As for the media, I wish it was only the uninformed “mass” media that were spreading unrest and FUD, unfortunately even security researchers are contributing to the festivities.
For example, Robert Hansen (or RSnake as he is known) makes the following statement in his take:

I feel winter slowly coming, and it would be a shame if entire power grids could be taken offline with a few keystrokes, or if supply chains could be interrupted. I hear it gets awfully cold in Scandinavia.

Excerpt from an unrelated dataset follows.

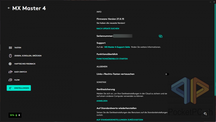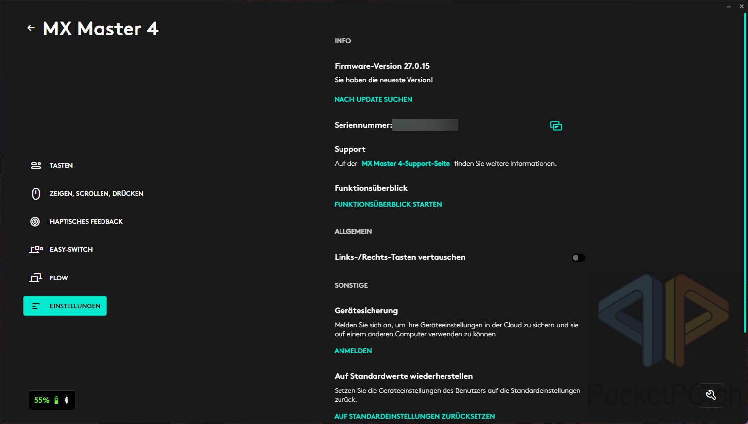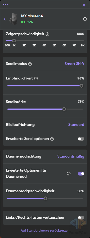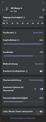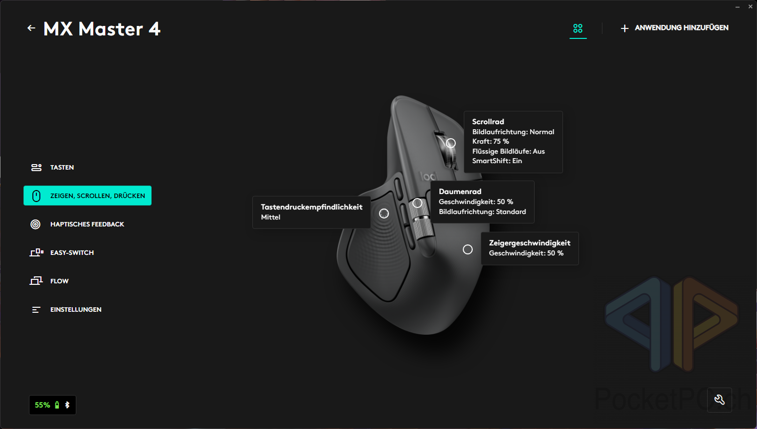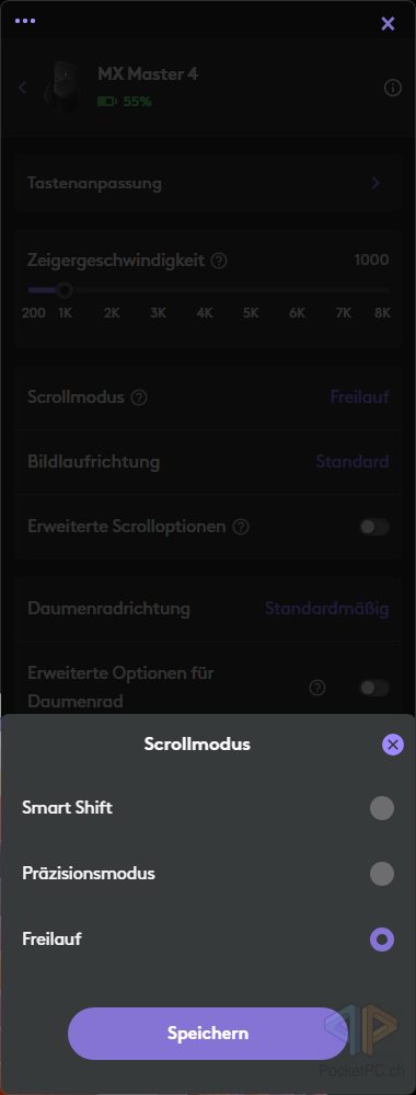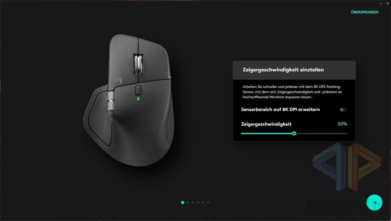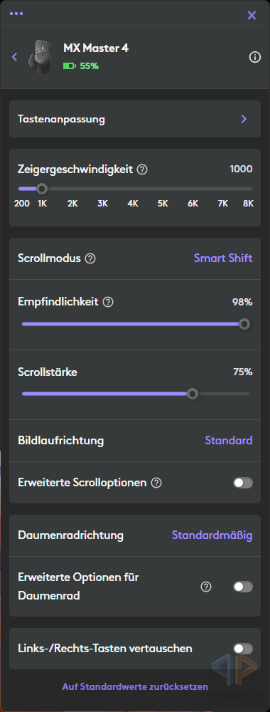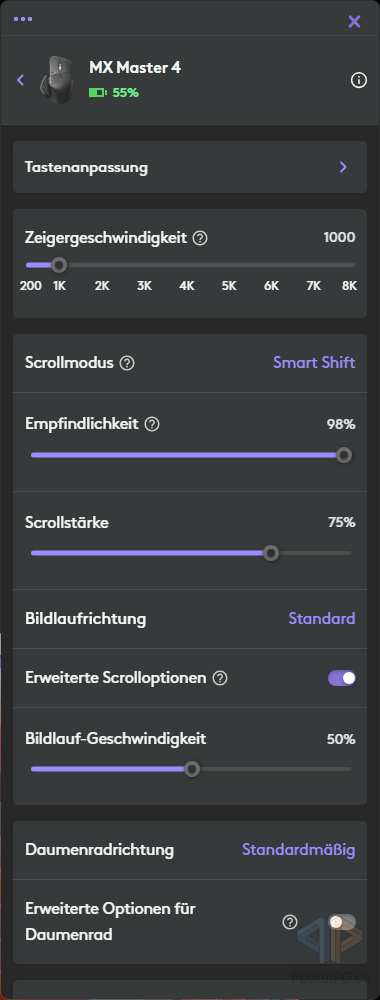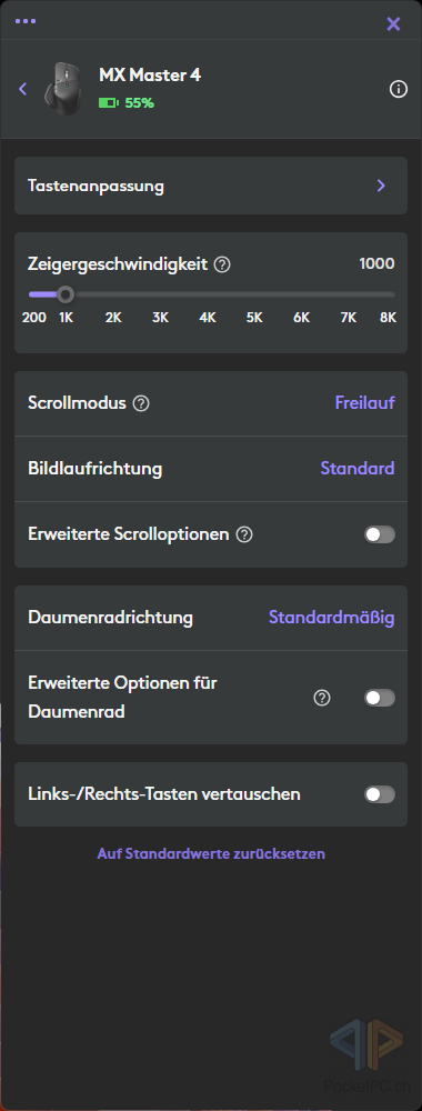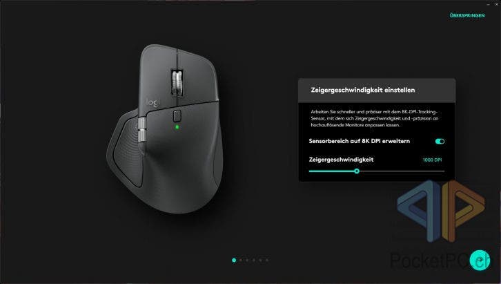 Der Sensor des MX Master 4 ist ein hochpräzises Darkfield Sensor mit 1000 DPI Nennwert, die von 200 bis 8’000 DPI in 50-DPI-Stufen einstellbar sind. Das sind die 8k Abtastrate, mit der geworben wird.

Are you kidding me? We’ve gone from no details at all to suddenly power grids being knocked offline. Never mind the fact that it’s extremely unlikely (read: not gonna happen) that a device which controls the power grid of an area is directly connected to the internet. Devices that display power consumption/usage maybe, but not devices that control where that power is going and whether or not a given path is online.
Fyodor (of nmap fame) has posted his guess on the details of this new vulnerability (and an echo of my frustration at this type of disclosure as well), however Robert E. Lee replies that while Fyodor has very valid points and explains a bit of how their tool works, he doesn’t quite explain the attack they’ve found.
That’s one of the points of this rant: Smart people *are* going to figure out what the problem is. They may be “good guys”, or they may be “bad guys” (in my opinion it is likely that both sides will figure it out). Either way, there are certainly enough clues given in the various reports/podcasts to enable an individual that is clueful about the protocol to figure out a likely scenario.
To make matters worse, this time there are at least five unique vulnerabilities which have been documented by Robert and Jack. This of course increases the odds that the exploit will be found (that is, someone will figure at least one of the five out, if not all of them.)
So what really is the point of disclosing this way?
It isn’t helping anyone except the media and the researchers (because they get to revel in the media circus while it lasts).
More specifically:

    • It doesn’t protect end users


    • It doesn’t help administrators


    • It doesn’t even help security researchers other than those doing the dribbling, because rather than allowing one to try to find ways to fix the problem, or even new ways to apply the problem to other areas, it forces them to try to recreate what’s already been done using a disjointed trail of clues.

So, why do it this way?
Disclosure is simple really, either do it, or don’t.
Personally, I think “full disclosure” (eg. ‘do it’) is best.
Whether you do so before or after “responsible” vendor notification, I don’t care really. But get all the information out there when you do it, or keep your mouth shut until you’re ready to do so.
I’m disgusted with this “new way” of doing things, and I’ve decided to coin a term for this method: discloscharades
Just like the game charades, this “half informed” nonsense ends up making the person dribbling clues out look silly or worse, and it leaves the people doing the guesswork frustrated and annoyed.